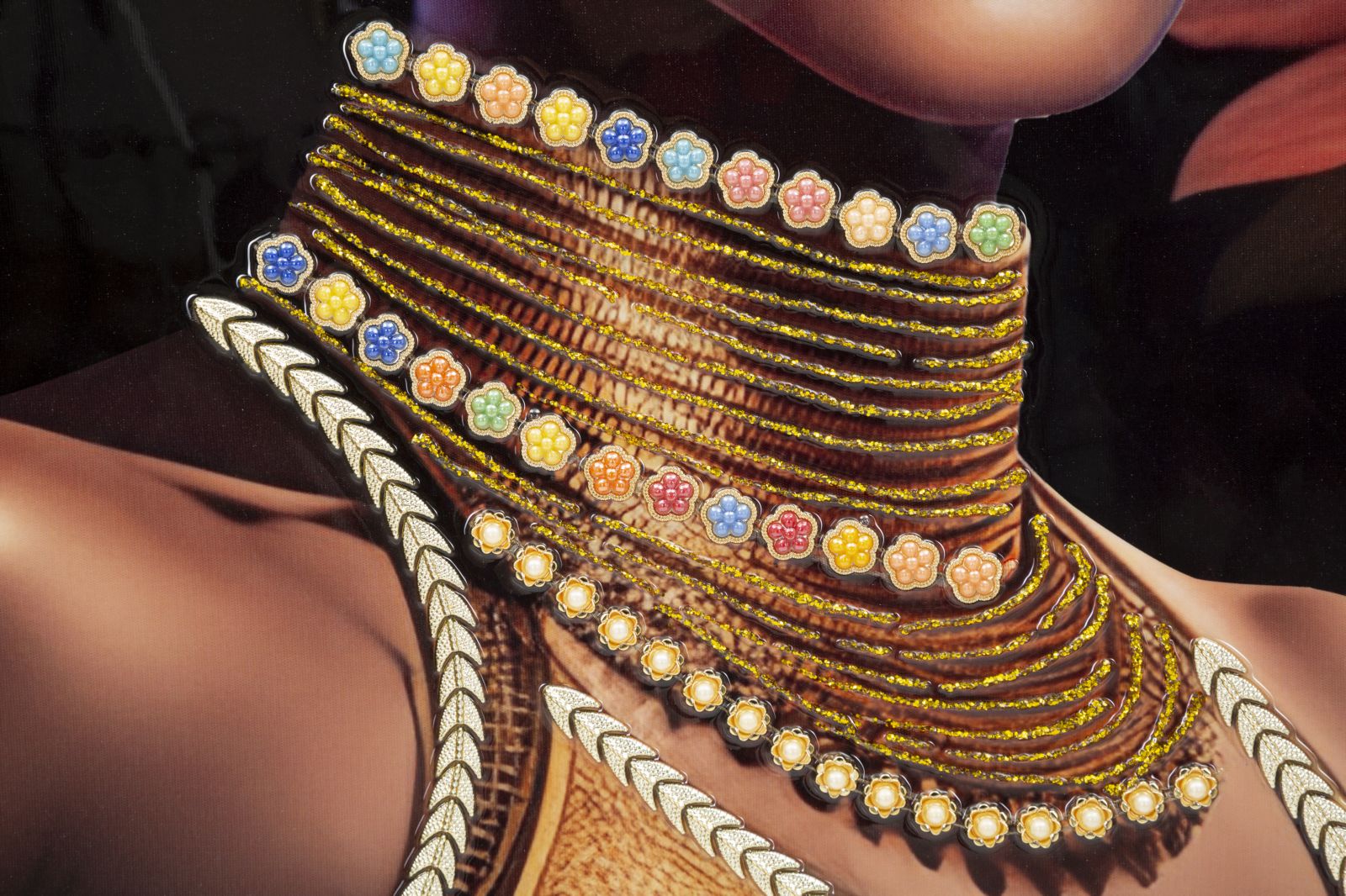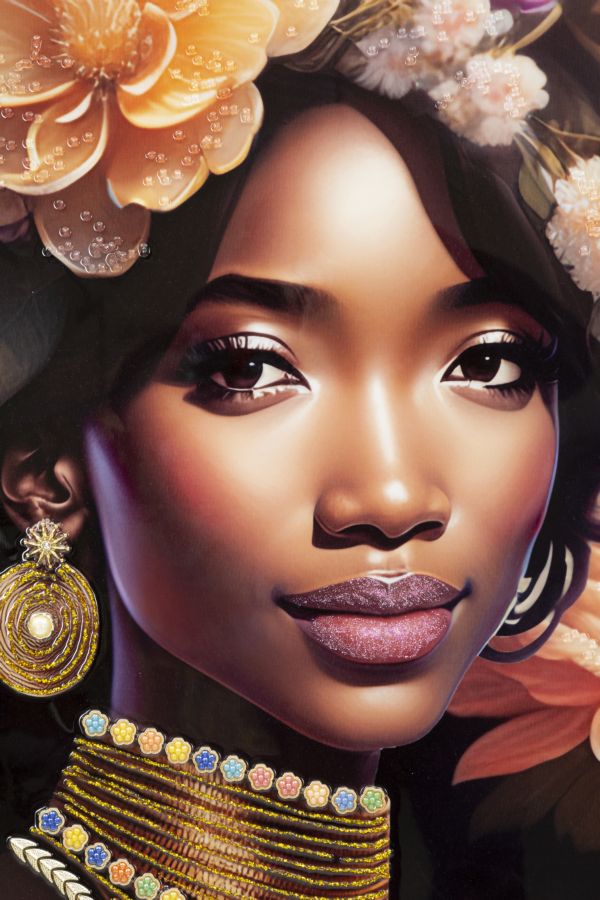 Descubra a elegância intemporal da pintura em tela MODERN. Com detalhes meticulosos, esta obra de arte retrata uma mulher em trajes tradicionais adornada com flores, conferindo um toque de sofisticação a qualquer espaço. O quadro é emoldurado por uma estrutura de madeira de abeto e finalizado com uma moldura metálica dourada, garantindo durabilidade e um acabamento requintado. Ideal para quem valoriza arte de qualidade e design contemporâneo, esta peça multicolorida é perfeita para dar vida e personalidade à sua casa ou escritório.
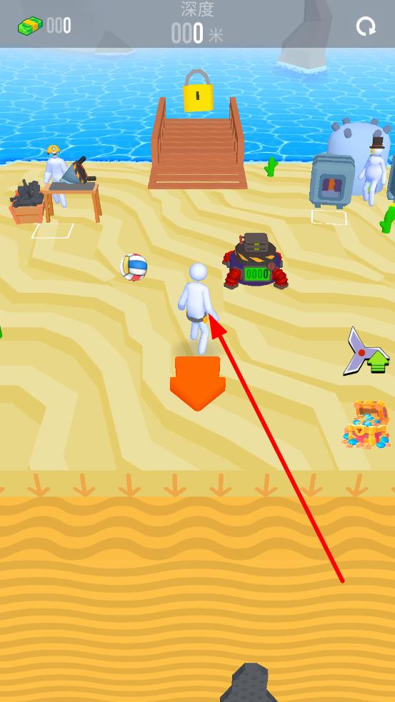 1、進(jìn)入游戲,操控白色小人移動(dòng),靠近挖掘機(jī)區(qū)域開始挖掘,熟悉操作流程,沿箭頭指引深入地下,收集初始資源,開啟挖掘任務(wù)。
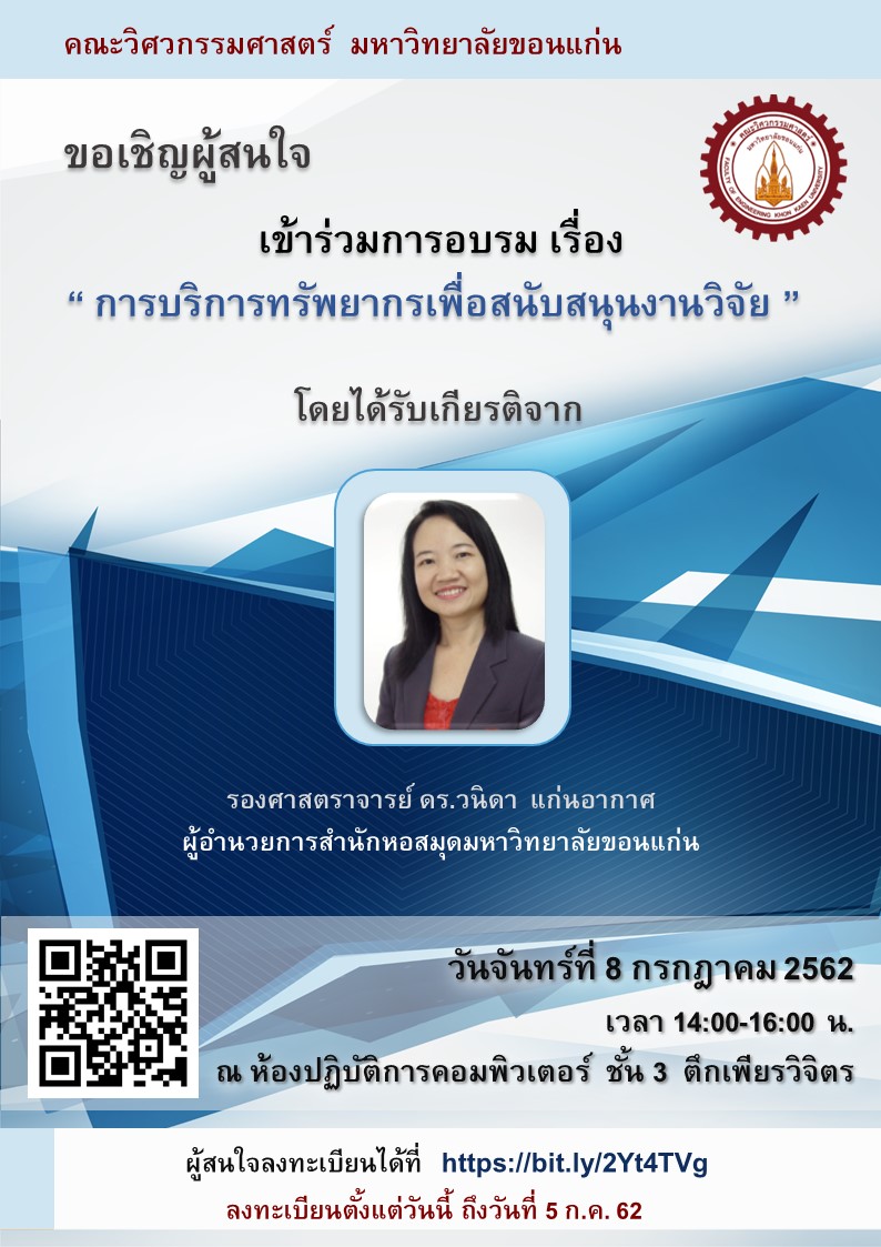 ประชาสัมพันธ์ โครงการอบรมเรื่อง การบริการทรัพยากรเพื่อสนับสนุนงานวิจัย
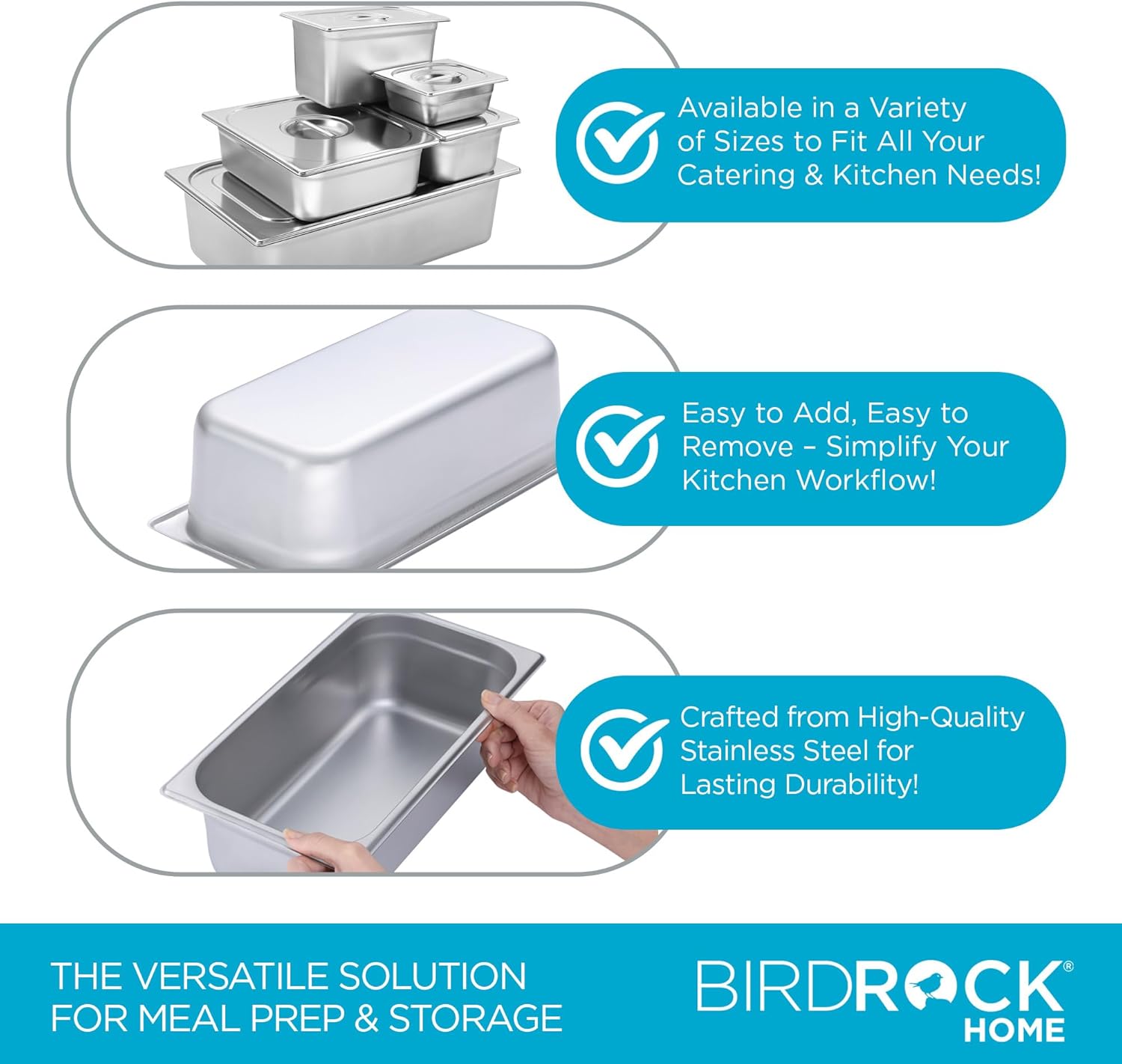 BIRDROCK HOME Stainless Steel Steam Table Pan - Hotel, Restaurant & Catering Supplies - 24 Gauge Steel, 4.1 qt Capacity - Meal Prep, Cooking, &Food Storage Container - 4" Depth, 1/3-Size (6 Pack)
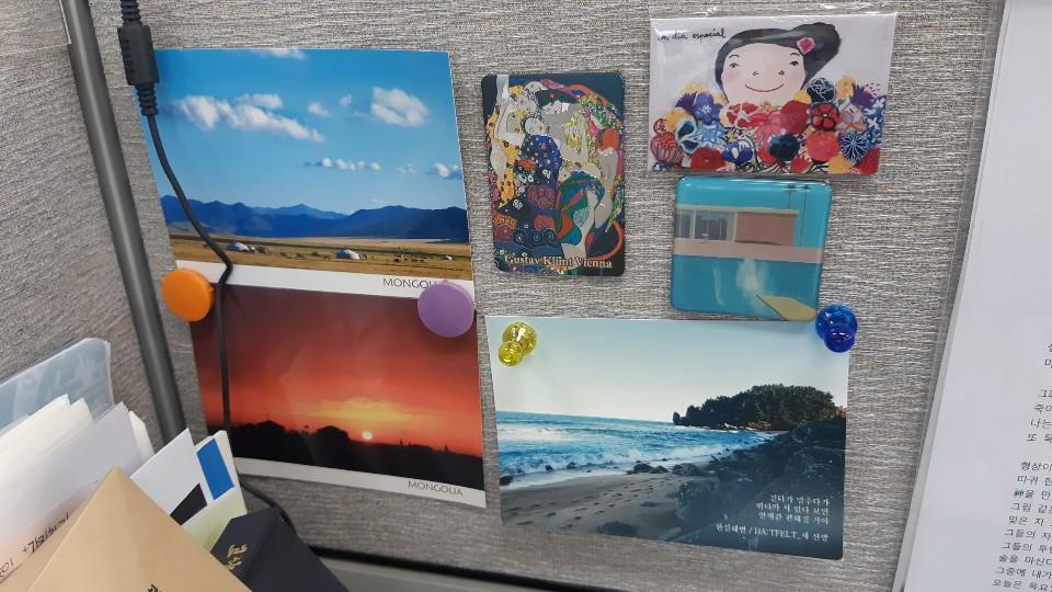 시선이 닿기 가장 편한 곳은 일명 ‘문화 세션’이다. 시각적으로 즐겁고 머리를 쉴 수 있도록 구성했는데, 아무래도 책상에 앉아 가장 많이 쳐다보는 부분이기 때문이다. 도사 전우치처럼 그림 속으로 들어갈 수 있다면 언제든 가고 싶은 곳들의 엽서가 있고, 또 아트 자석들도 붙어있다. 물론 익숙해진 만큼이나 색이 바래서 점점 쳐다보는 횟수가 줄었지만, 그래도 눈이 피로할 때 종종 쳐다보며 위안을 얻는다.
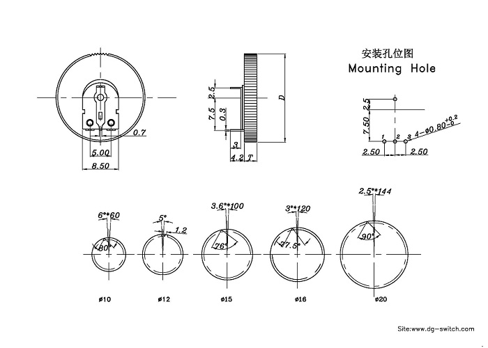 最高使用电压 Max.oparating voltage:50VAC 12VDC 旋钮的押拉强度operating voltage:More than 0.5 Kg
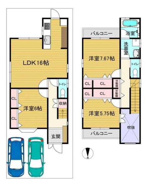 | 設備 | 温水洗浄便座、トイレ2箇所、電気、都市ガス、上水道、下水道、両面バルコニー、南面バルコニー、食器洗浄乾燥機、浴室乾燥機、浴室に窓、駐車2台可、システムキッチン、吹抜 | ||

--------

▶ TASK REQUIREMENTS: An exact copy of the listing above is to be set down, with no pictures in it.

▶ RESULT:
 Descubra a elegância intemporal da pintura em tela MODERN. Com detalhes meticulosos, esta obra de arte retrata uma mulher em trajes tradicionais adornada com flores, conferindo um toque de sofisticação a qualquer espaço. O quadro é emoldurado por uma estrutura de madeira de abeto e finalizado com uma moldura metálica dourada, garantindo durabilidade e um acabamento requintado. Ideal para quem valoriza arte de qualidade e design contemporâneo, esta peça multicolorida é perfeita para dar vida e personalidade à sua casa ou escritório.
 1、進(jìn)入游戲,操控白色小人移動(dòng),靠近挖掘機(jī)區(qū)域開始挖掘,熟悉操作流程,沿箭頭指引深入地下,收集初始資源,開啟挖掘任務(wù)。
 ประชาสัมพันธ์ โครงการอบรมเรื่อง การบริการทรัพยากรเพื่อสนับสนุนงานวิจัย
 BIRDROCK HOME Stainless Steel Steam Table Pan - Hotel, Restaurant & Catering Supplies - 24 Gauge Steel, 4.1 qt Capacity - Meal Prep, Cooking, &Food Storage Container - 4" Depth, 1/3-Size (6 Pack)
 시선이 닿기 가장 편한 곳은 일명 ‘문화 세션’이다. 시각적으로 즐겁고 머리를 쉴 수 있도록 구성했는데, 아무래도 책상에 앉아 가장 많이 쳐다보는 부분이기 때문이다. 도사 전우치처럼 그림 속으로 들어갈 수 있다면 언제든 가고 싶은 곳들의 엽서가 있고, 또 아트 자석들도 붙어있다. 물론 익숙해진 만큼이나 색이 바래서 점점 쳐다보는 횟수가 줄었지만, 그래도 눈이 피로할 때 종종 쳐다보며 위안을 얻는다.
 最高使用电压 Max.oparating voltage:50VAC 12VDC 旋钮的押拉强度operating voltage:More than 0.5 Kg
 | 設備 | 温水洗浄便座、トイレ2箇所、電気、都市ガス、上水道、下水道、両面バルコニー、南面バルコニー、食器洗浄乾燥機、浴室乾燥機、浴室に窓、駐車2台可、システムキッチン、吹抜 | ||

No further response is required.